To meet the demands posed by major global trends in agricultural development and challenges faced by member nations, FAO has identified key priorities on which it is best placed to intervene. A comprehensive review of the Organization’s comparative advantages was undertaken which enabled strategic objectives to be set, representing the main areas of work on which FAO will concentrate its efforts in striving to achieve its vision and global goals.

How FAO Works

FAO creates and shares critical information about food, agriculture and natural resources in the form of global public goods. But this is not a one-way flow. We play a connector role, through identifying and working with different partners with established expertise, and facilitating a dialogue between those who have the knowledge and those who need it. By turning knowledge into action, FAO links the field to national, regional and global initiatives in a mutually reinforcing cycle.

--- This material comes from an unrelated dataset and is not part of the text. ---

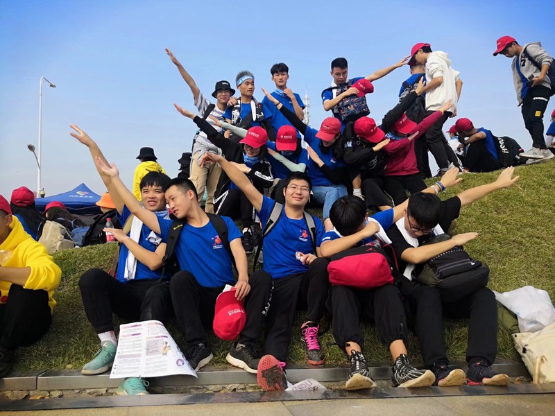 这一路上真的碰到了特别多厉害又有趣的人,碰到了同班的雅琪、明珠、康老弟,锦莲,曼妮,忠良,还有认识的部门同事凯宁、雅丹,以及路上相逢的其他学校的同学,一路上,互相搀扶、加油鼓劲,汗水浸湿衣裳,却没有放弃,尘土飞扬,我们一起坚持,一起陪伴着毅行,这交织起来的是我们每个人的回忆

By joining forces, we facilitate partnerships for food and nutrition security, agriculture and rural development between governments, development partners, civil society and the private sector.


Partnerships are at the heart of FAO’s mission to help build consensus for a world without hunger. The effectiveness and credibility of the Organization as a policy-making forum and unique multilingual centre of excellence, knowledge and technical expertise depends to a considerable degree on its ability to work and develop strategic partnerships to harness efforts to eradicate hunger.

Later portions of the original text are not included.